EXERCISE PROMPT: A word-for-word copy of the data is what's wanted, with no pictures.

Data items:
+-------+
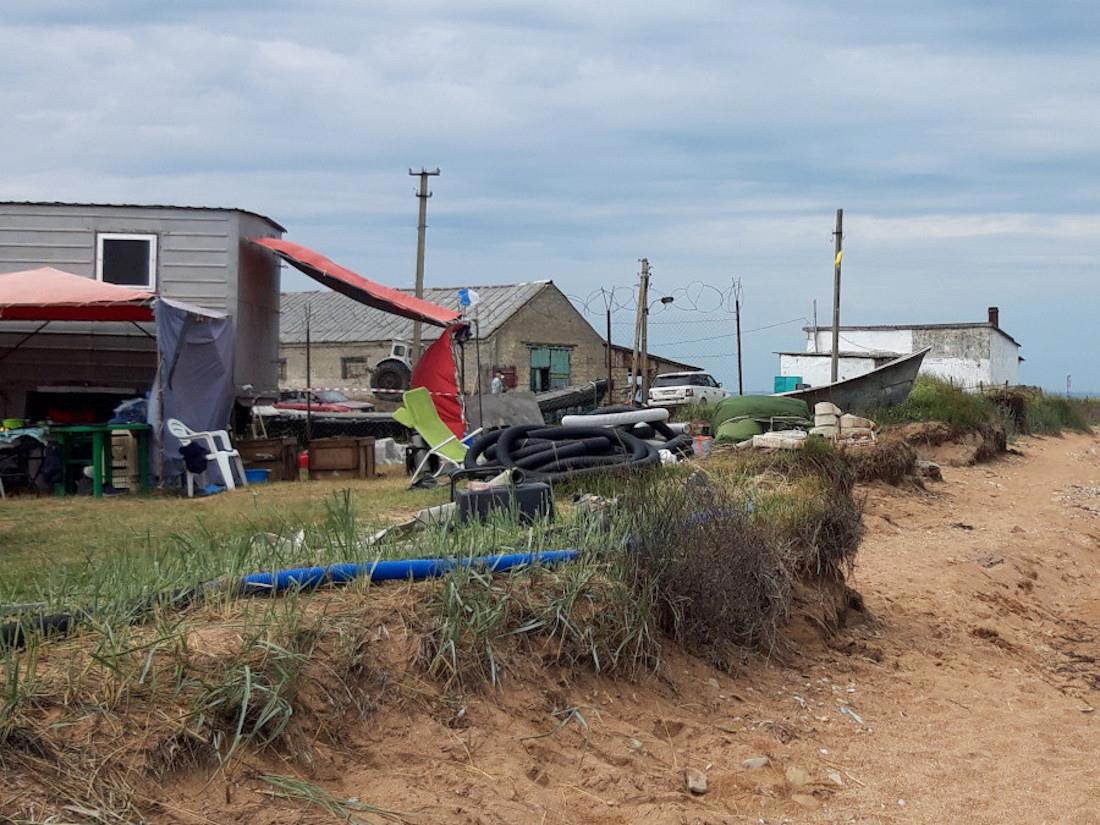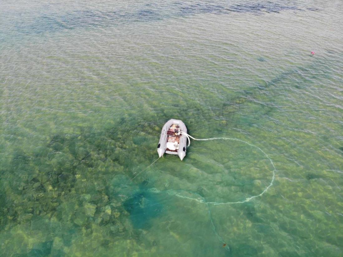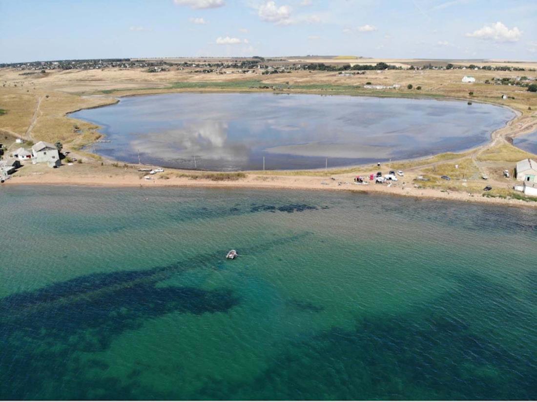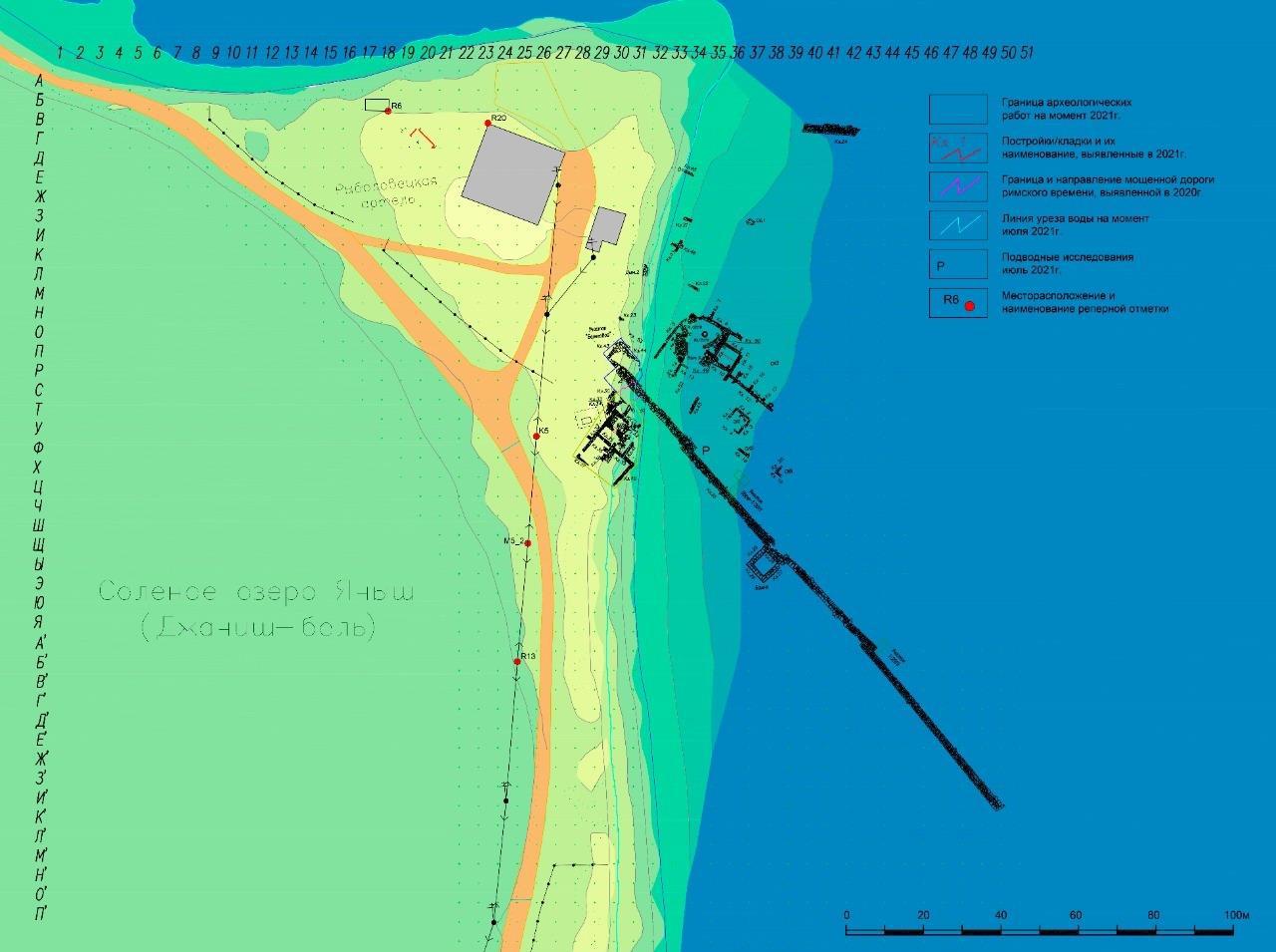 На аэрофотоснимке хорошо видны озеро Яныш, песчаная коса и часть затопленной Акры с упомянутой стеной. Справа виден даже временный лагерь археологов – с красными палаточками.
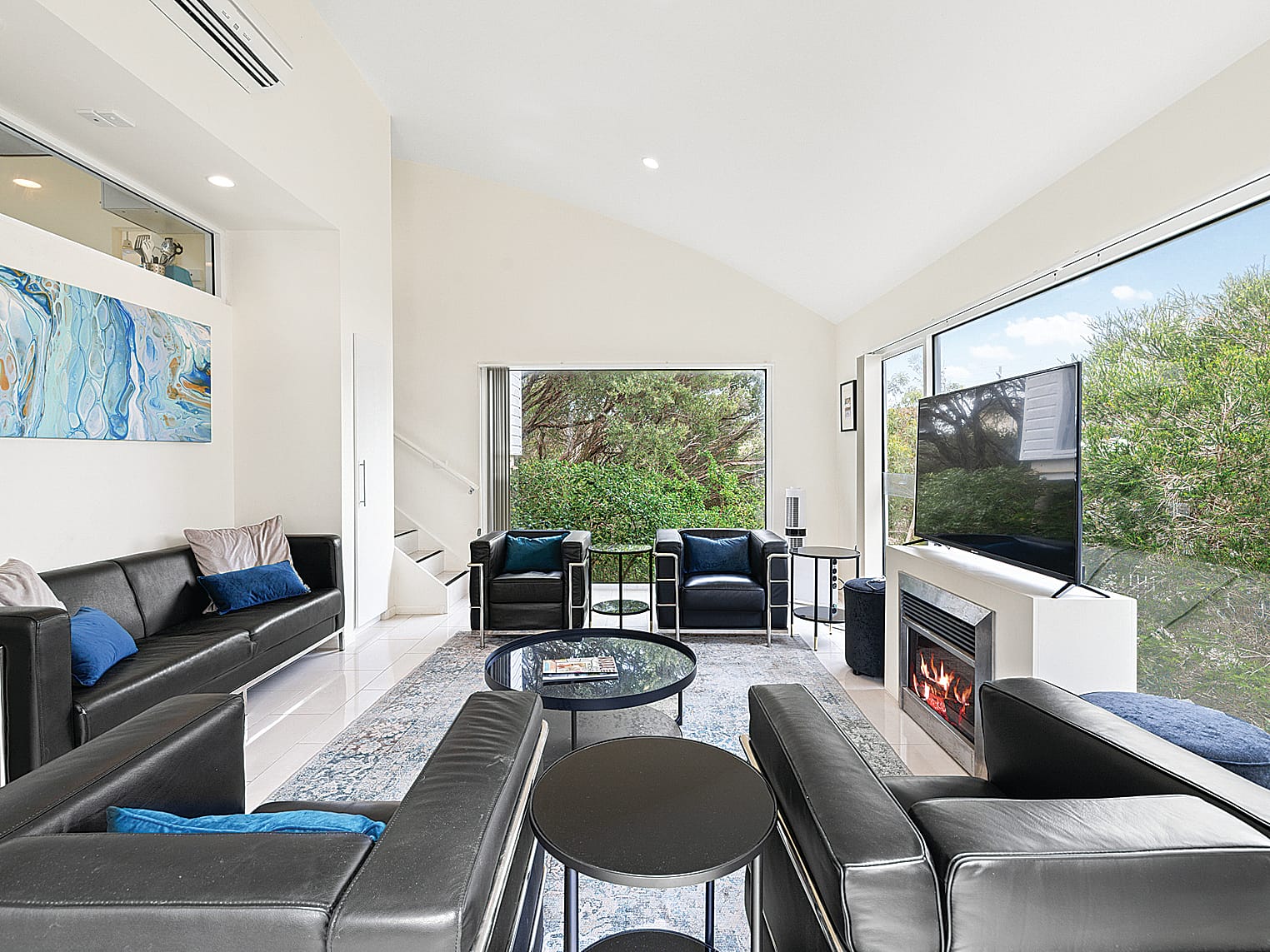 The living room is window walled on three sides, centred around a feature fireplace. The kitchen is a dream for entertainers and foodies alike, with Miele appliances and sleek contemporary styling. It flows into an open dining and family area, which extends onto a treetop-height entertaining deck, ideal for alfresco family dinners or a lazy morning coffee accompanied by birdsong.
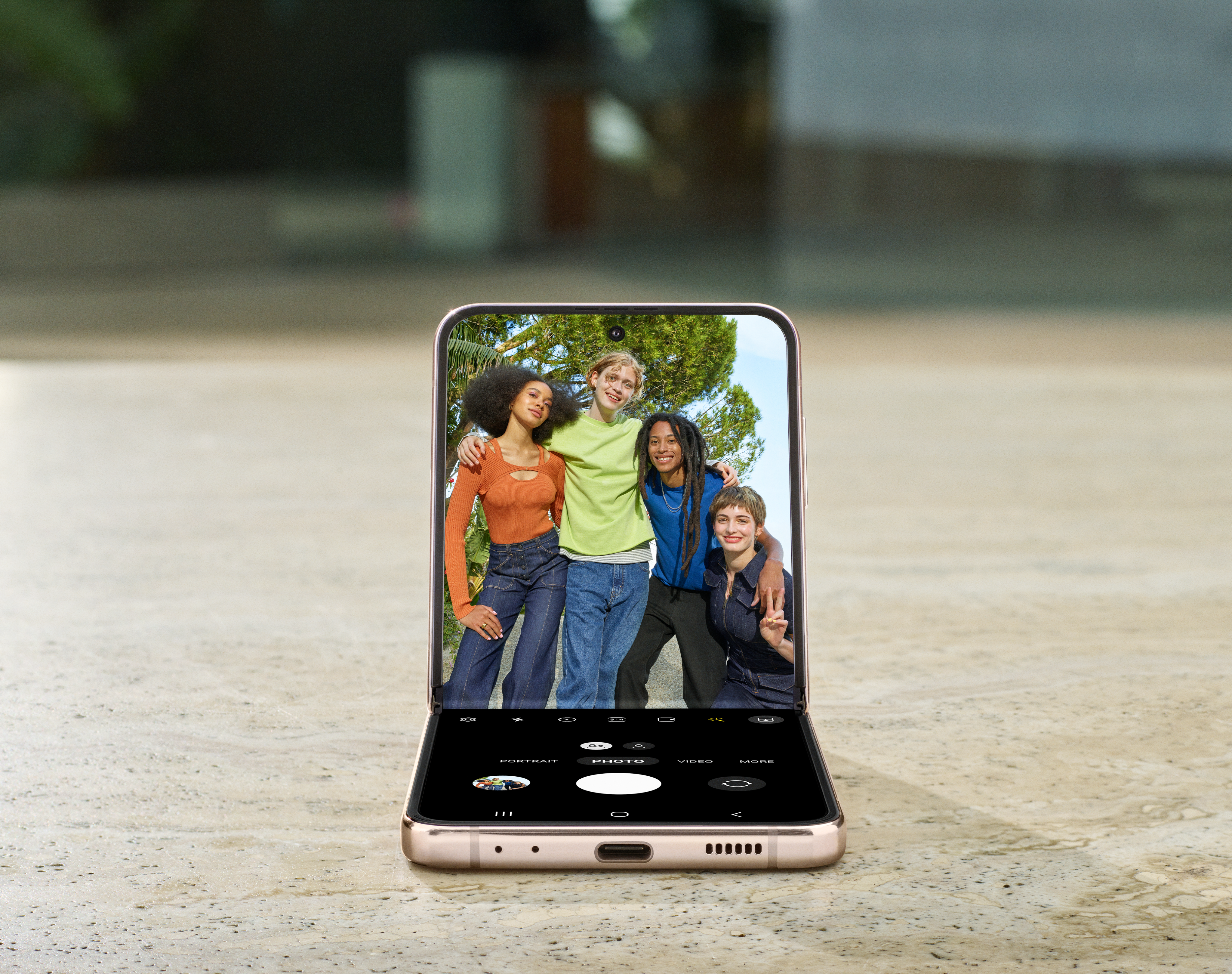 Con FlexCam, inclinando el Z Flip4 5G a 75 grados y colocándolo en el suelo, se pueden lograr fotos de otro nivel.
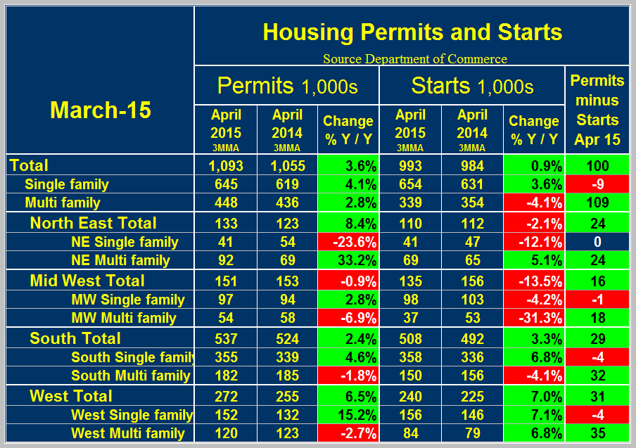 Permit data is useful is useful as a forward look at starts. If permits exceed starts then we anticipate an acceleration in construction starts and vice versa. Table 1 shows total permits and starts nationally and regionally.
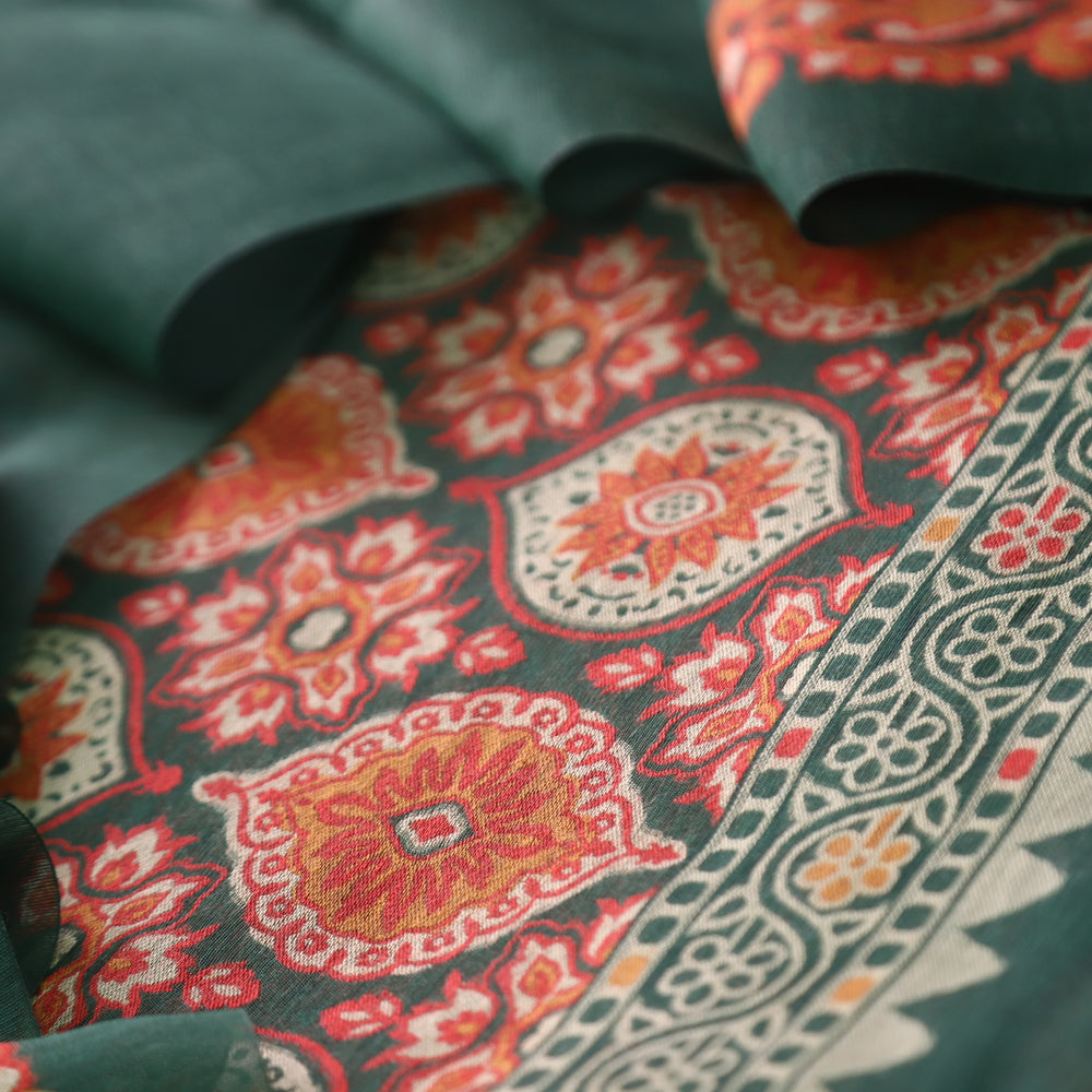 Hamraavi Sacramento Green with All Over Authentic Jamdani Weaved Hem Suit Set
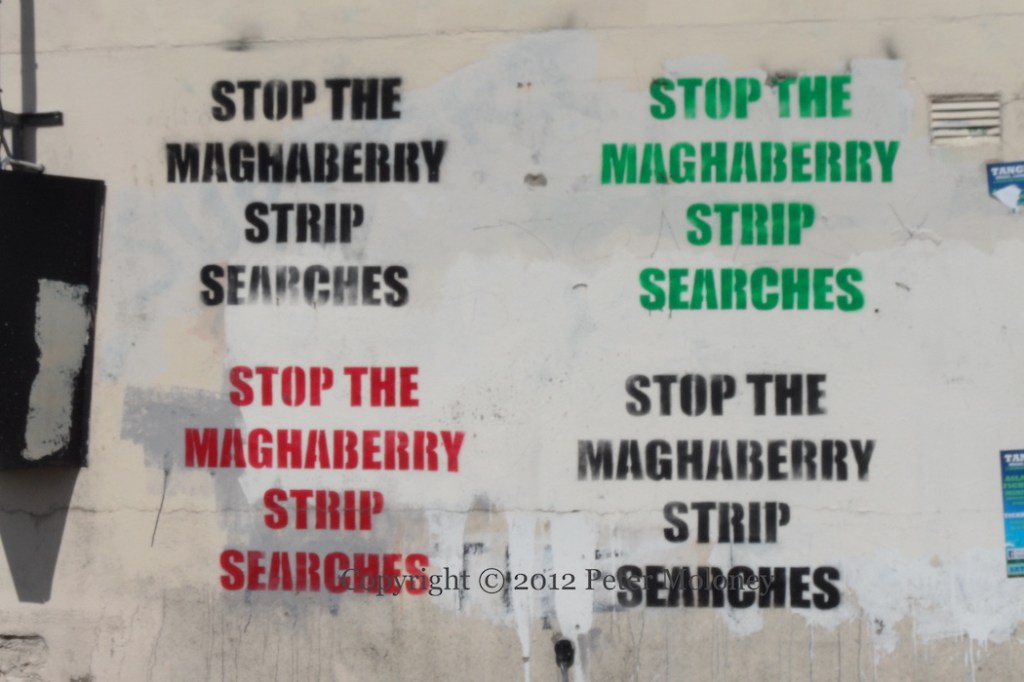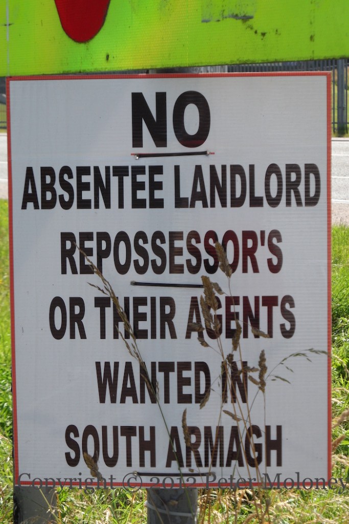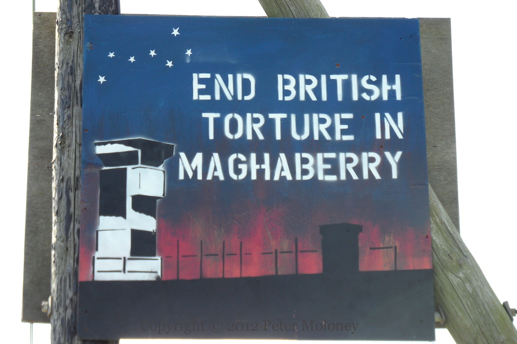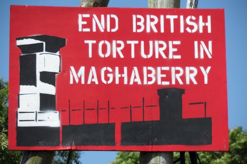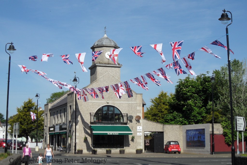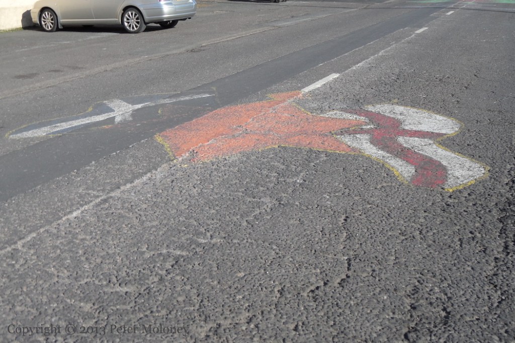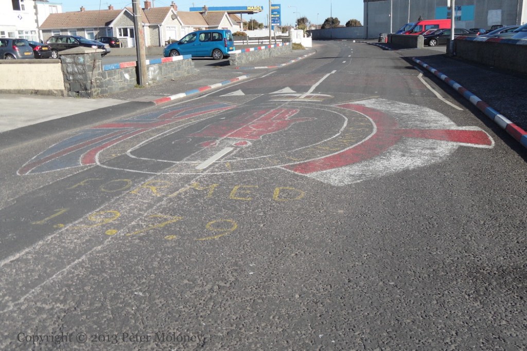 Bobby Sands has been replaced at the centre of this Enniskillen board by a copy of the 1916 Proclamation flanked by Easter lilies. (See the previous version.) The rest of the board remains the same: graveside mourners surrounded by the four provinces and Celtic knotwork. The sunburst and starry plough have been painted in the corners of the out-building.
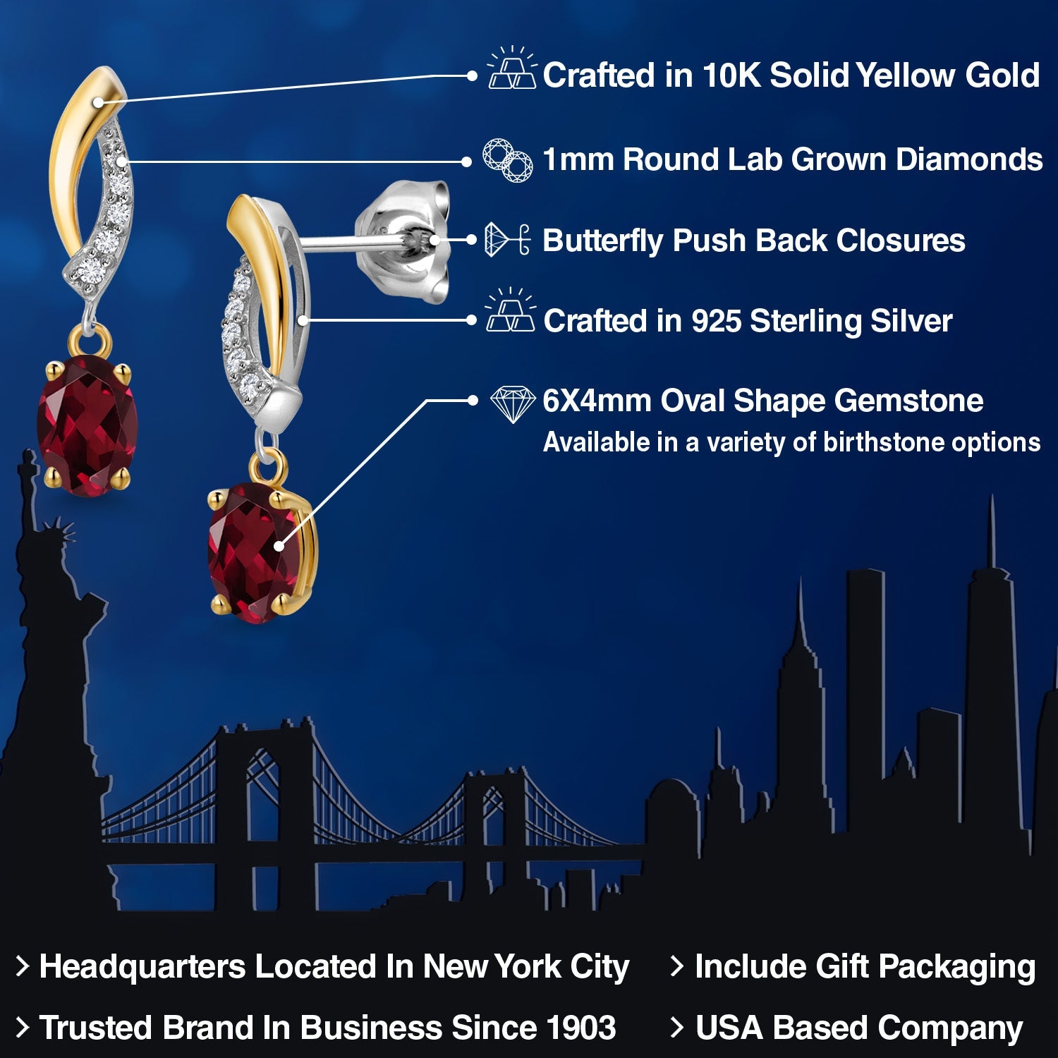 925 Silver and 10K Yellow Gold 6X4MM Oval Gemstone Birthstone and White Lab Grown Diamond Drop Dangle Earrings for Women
+-------+
ANSWER BELOW:
 На аэрофотоснимке хорошо видны озеро Яныш, песчаная коса и часть затопленной Акры с упомянутой стеной. Справа виден даже временный лагерь археологов – с красными палаточками.
 The living room is window walled on three sides, centred around a feature fireplace. The kitchen is a dream for entertainers and foodies alike, with Miele appliances and sleek contemporary styling. It flows into an open dining and family area, which extends onto a treetop-height entertaining deck, ideal for alfresco family dinners or a lazy morning coffee accompanied by birdsong.
 Con FlexCam, inclinando el Z Flip4 5G a 75 grados y colocándolo en el suelo, se pueden lograr fotos de otro nivel.
 Permit data is useful is useful as a forward look at starts. If permits exceed starts then we anticipate an acceleration in construction starts and vice versa. Table 1 shows total permits and starts nationally and regionally.
 Hamraavi Sacramento Green with All Over Authentic Jamdani Weaved Hem Suit Set
 Bobby Sands has been replaced at the centre of this Enniskillen board by a copy of the 1916 Proclamation flanked by Easter lilies. (See the previous version.) The rest of the board remains the same: graveside mourners surrounded by the four provinces and Celtic knotwork. The sunburst and starry plough have been painted in the corners of the out-building.
 925 Silver and 10K Yellow Gold 6X4MM Oval Gemstone Birthstone and White Lab Grown Diamond Drop Dangle Earrings for Women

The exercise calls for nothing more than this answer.